■ Task instructions:
Beginning at the line with "The Nina Ottosson", please repeat each line exactly through the end of the records below, including that first line and the last, but no pictures.

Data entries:
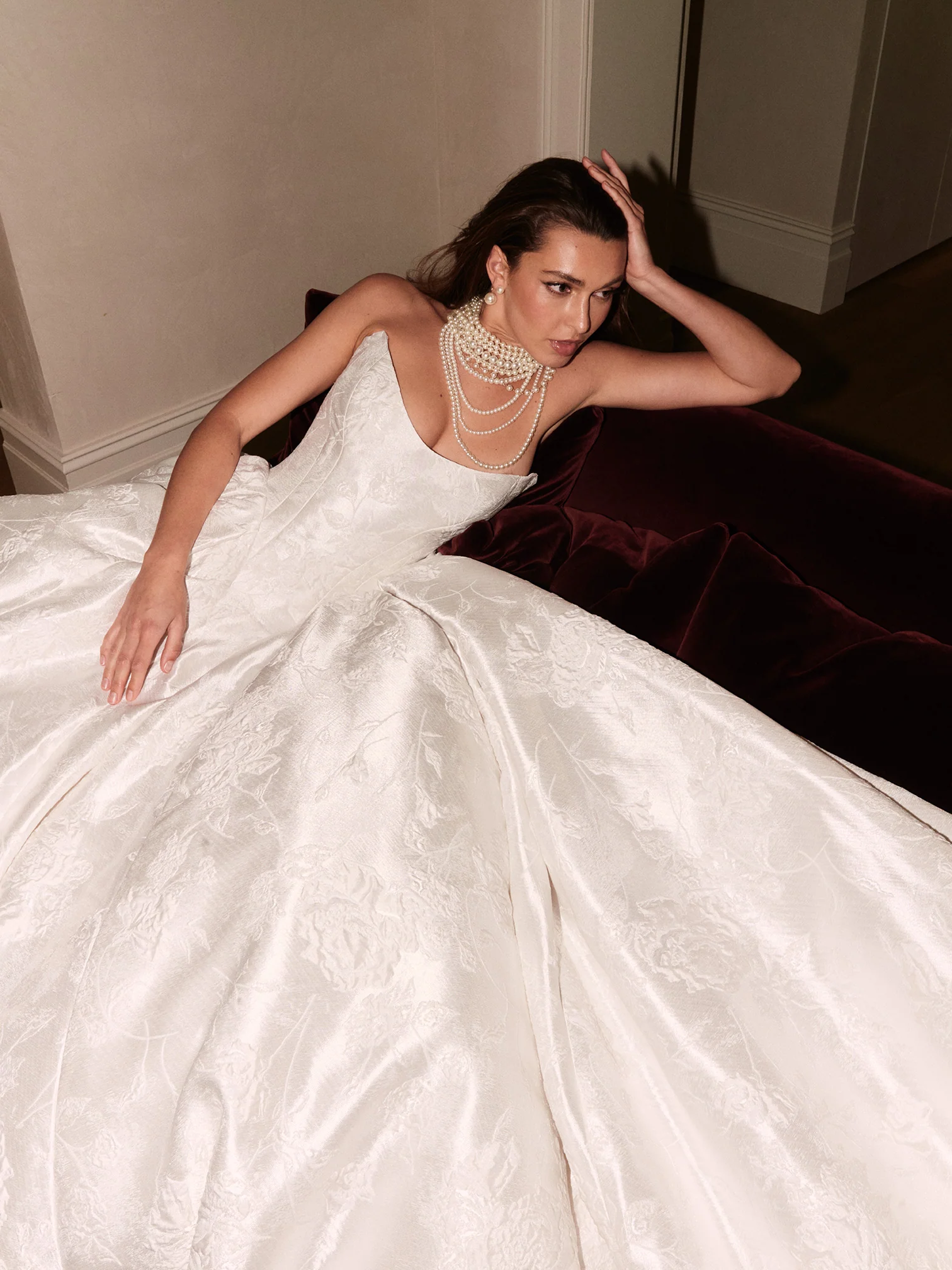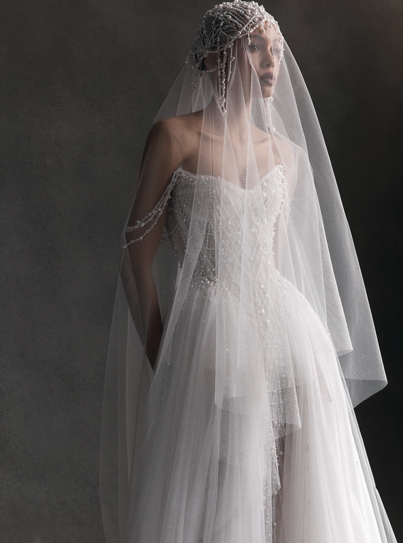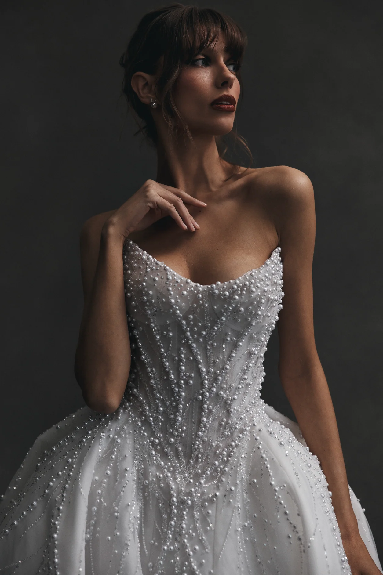 Rooted in the art of bespoke tailoring, Leah Da Gloria’s creations balance sleek, sculptural silhouettes with ethereal detailing. Her signature style enhances the female form with precision, pairing intricate embellishment with masterful construction. The result is an unmistakable sophistication — a blend of contemporary edge and classic allure.
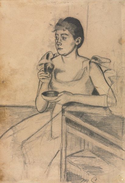Eugene Speicher created this drawing, "Woman Lost in Thought," using graphite on paper. Immediately, the soft grayscale palette evokes a mood of introspection and quiet contemplation. The composition centers on the woman's face, her gaze directed slightly off-center, which contributes to the overall pensive atmosphere. Speicher's handling of line and shading is particularly noteworthy. He uses delicate, almost tentative lines to define the woman’s features, capturing a sense of vulnerability and interiority. The subtle gradations of tone create volume and depth, yet the sketch retains a lightness, avoiding heavy, definitive contours. This careful modulation of light and shadow not only shapes the figure but also enhances the emotional depth of the piece. The woman’s posture, with her hand gently supporting her chin, suggests a moment of pause, inviting viewers to consider the nature of thought itself. The formal qualities of the drawing, such as the delicate lines and soft shading, work together to communicate a complex emotional state, reflecting the Modernist interest in exploring psychological depths through artistic expression.
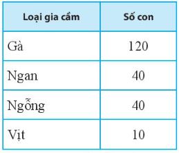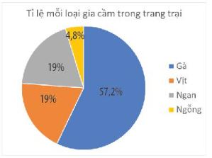 Câu 2: Bình vẽ biểu đồ biểu thị tỉ lệ số lượng mỗi loại gia cầm trong một trang trại theo bảng thông kê dưới đây:
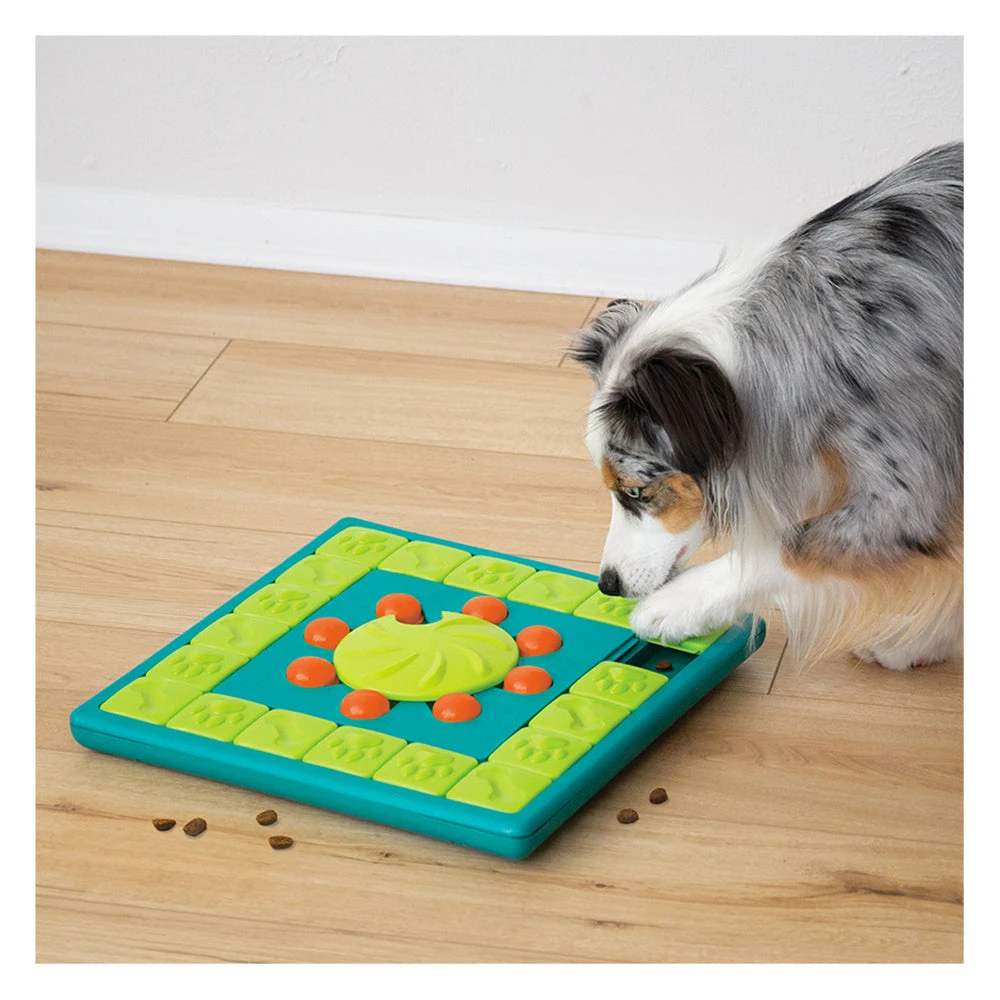 The Nina Ottosson Dog MultiPuzzle features 28 hidden treat compartments, making it very challenging! To promote problem-solving behaviours, dogs must move sliders, and combine sliding and rotating actions to uncover hidden treats. The Dog MultiPuzzle is the ultimate challenge to keep your dog busy & entertained.
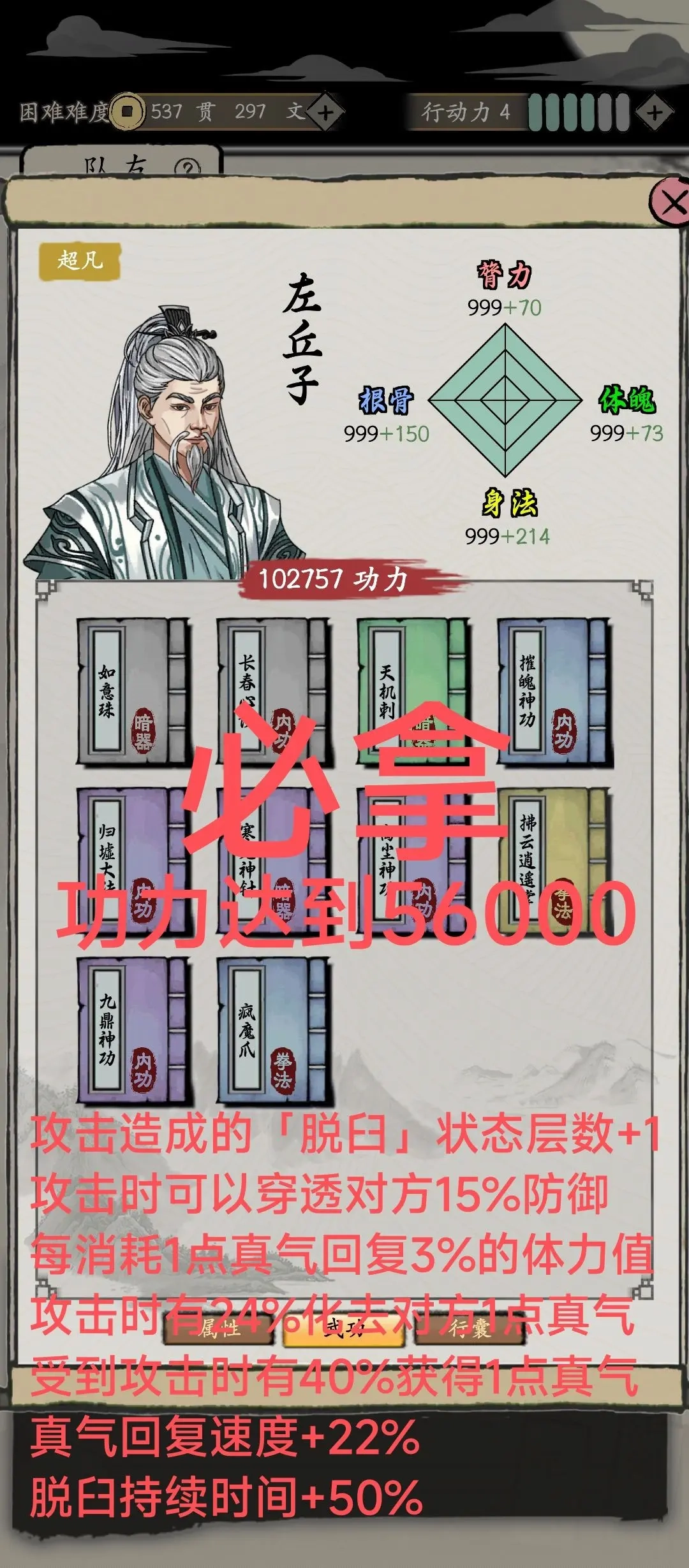 相当于没有回血能力的强化辅助版左丘子,由于获取需要75点侠义值,因此不太推荐。其强化辅助的特性源自玉衡七式,但他并非一定会施展玉衡七式,也有可能使用天罡神拳。
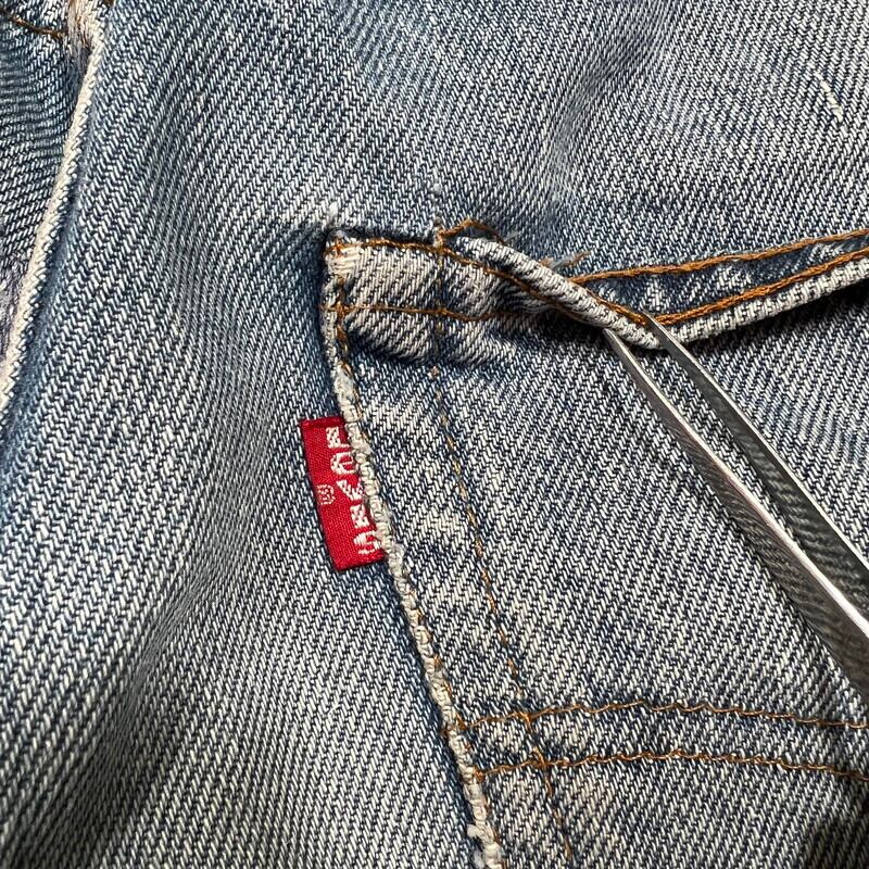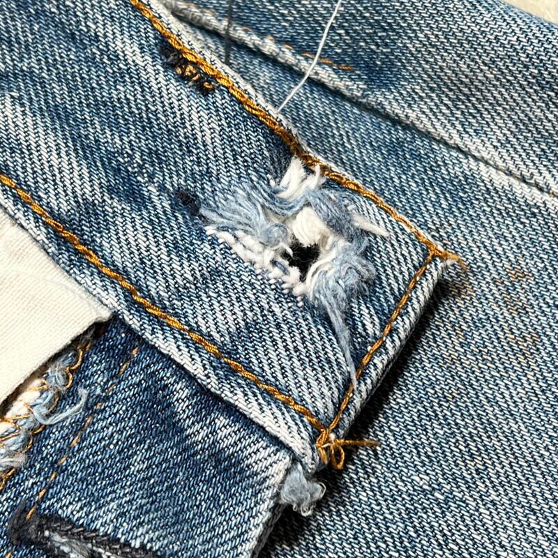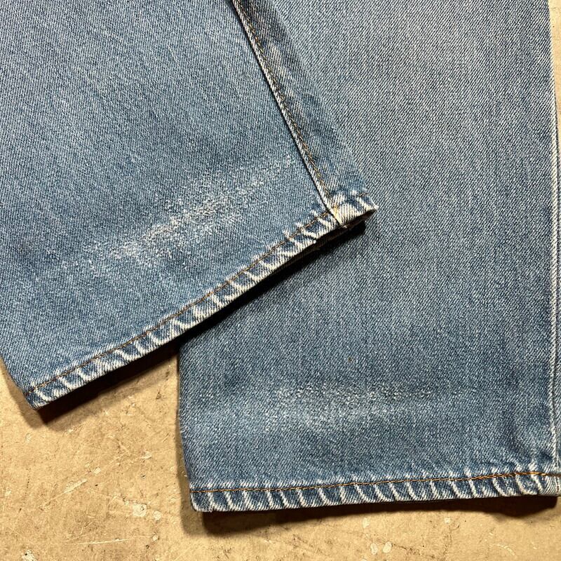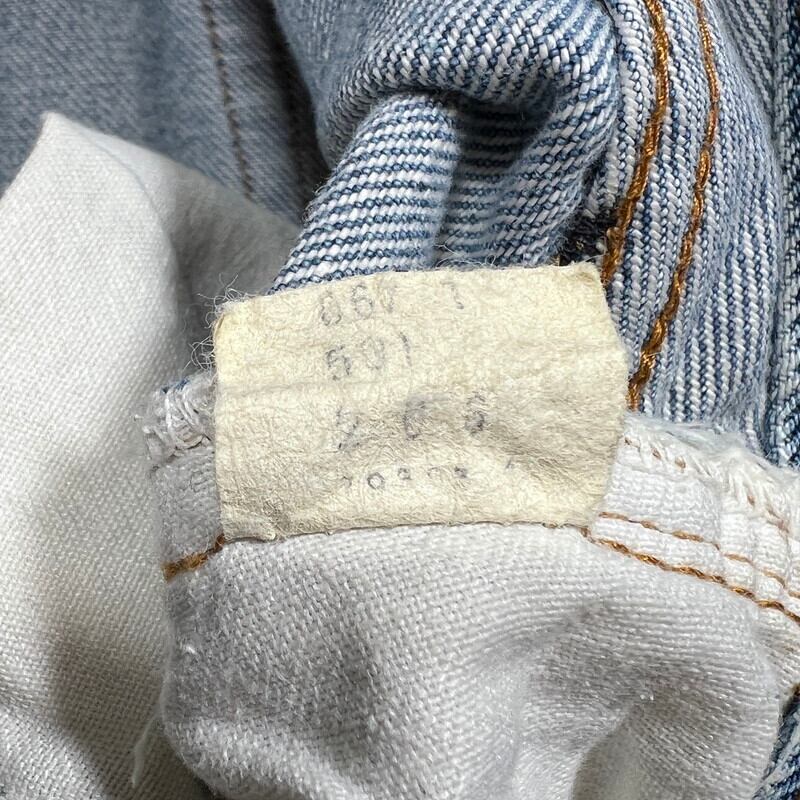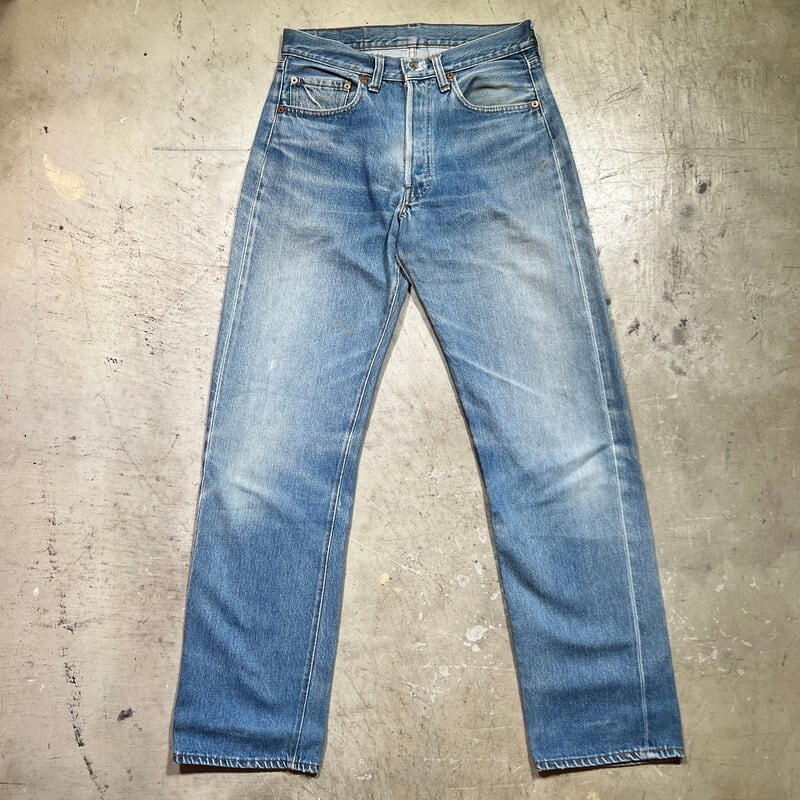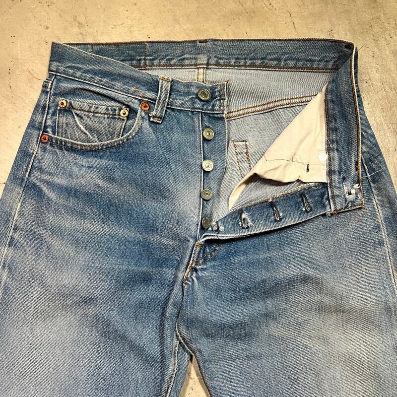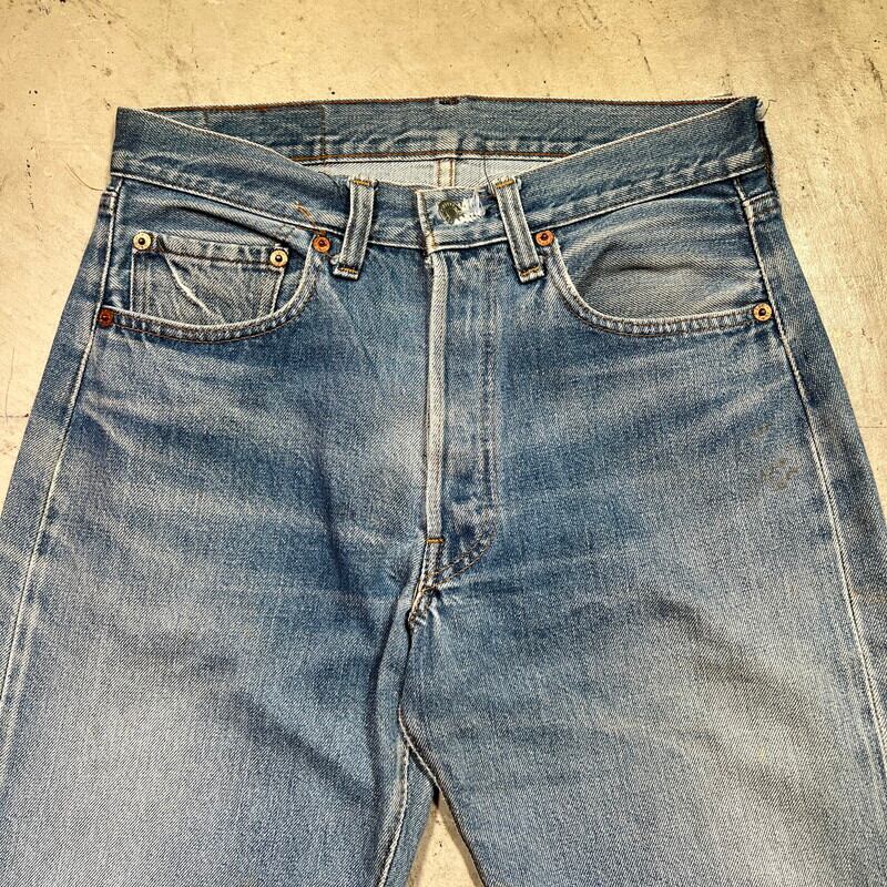 80年代初頭のLevi's501 デニムパンツです。トップボタン裏刻印6、ウォッチポケット裏チェーン、セルヴィッジ、アウトシーム裏シングル+チェーン、縮率8%、赤タブスモールe、バックポケット裏チェーン。全体的に色落ちしており色残りは3割程度でうっすらとヒゲが入る個体です。トップやフライのボタンホールにややダメージが見られ、少し緩くなっています。背面に1カ所タタキリペアがございます。その他目立つダメージは無く状態として良好かと思います。表記はW30インチですが、実寸はW29インチです。少し小さめなので、女性の方にもお勧めしたい1本です。

■ Task answer:
 The Nina Ottosson Dog MultiPuzzle features 28 hidden treat compartments, making it very challenging! To promote problem-solving behaviours, dogs must move sliders, and combine sliding and rotating actions to uncover hidden treats. The Dog MultiPuzzle is the ultimate challenge to keep your dog busy & entertained.
 相当于没有回血能力的强化辅助版左丘子,由于获取需要75点侠义值,因此不太推荐。其强化辅助的特性源自玉衡七式,但他并非一定会施展玉衡七式,也有可能使用天罡神拳。
 80年代初頭のLevi's501 デニムパンツです。トップボタン裏刻印6、ウォッチポケット裏チェーン、セルヴィッジ、アウトシーム裏シングル+チェーン、縮率8%、赤タブスモールe、バックポケット裏チェーン。全体的に色落ちしており色残りは3割程度でうっすらとヒゲが入る個体です。トップやフライのボタンホールにややダメージが見られ、少し緩くなっています。背面に1カ所タタキリペアがございます。その他目立つダメージは無く状態として良好かと思います。表記はW30インチですが、実寸はW29インチです。少し小さめなので、女性の方にもお勧めしたい1本です。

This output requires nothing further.